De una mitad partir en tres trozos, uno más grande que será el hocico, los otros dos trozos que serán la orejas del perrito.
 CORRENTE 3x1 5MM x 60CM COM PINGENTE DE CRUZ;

---

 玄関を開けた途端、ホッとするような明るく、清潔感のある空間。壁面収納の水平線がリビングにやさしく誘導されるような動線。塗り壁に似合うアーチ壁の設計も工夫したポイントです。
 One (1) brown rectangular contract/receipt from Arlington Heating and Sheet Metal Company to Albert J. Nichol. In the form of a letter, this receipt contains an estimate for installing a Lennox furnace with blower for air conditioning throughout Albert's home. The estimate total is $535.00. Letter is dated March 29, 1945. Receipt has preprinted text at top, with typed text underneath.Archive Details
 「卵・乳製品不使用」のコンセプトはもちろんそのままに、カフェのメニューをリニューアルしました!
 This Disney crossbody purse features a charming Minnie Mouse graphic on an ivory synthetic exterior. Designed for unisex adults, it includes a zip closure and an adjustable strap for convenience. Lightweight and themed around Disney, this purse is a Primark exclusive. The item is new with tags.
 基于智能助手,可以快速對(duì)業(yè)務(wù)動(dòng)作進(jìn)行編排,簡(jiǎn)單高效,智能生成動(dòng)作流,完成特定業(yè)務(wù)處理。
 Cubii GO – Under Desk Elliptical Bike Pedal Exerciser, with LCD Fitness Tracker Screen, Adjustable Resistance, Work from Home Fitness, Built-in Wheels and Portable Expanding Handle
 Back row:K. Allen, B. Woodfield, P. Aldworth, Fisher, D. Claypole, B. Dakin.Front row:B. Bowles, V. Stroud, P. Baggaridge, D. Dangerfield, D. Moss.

§ Task description
Every line above from the line with "De una mitad" to the line with "CORRENTE 3x1 5MM" is wanted, ends included; write them out exactly and add no other line.

§ Finished exercise
De una mitad partir en tres trozos, uno más grande que será el hocico, los otros dos trozos que serán la orejas del perrito.
 CORRENTE 3x1 5MM x 60CM COM PINGENTE DE CRUZ;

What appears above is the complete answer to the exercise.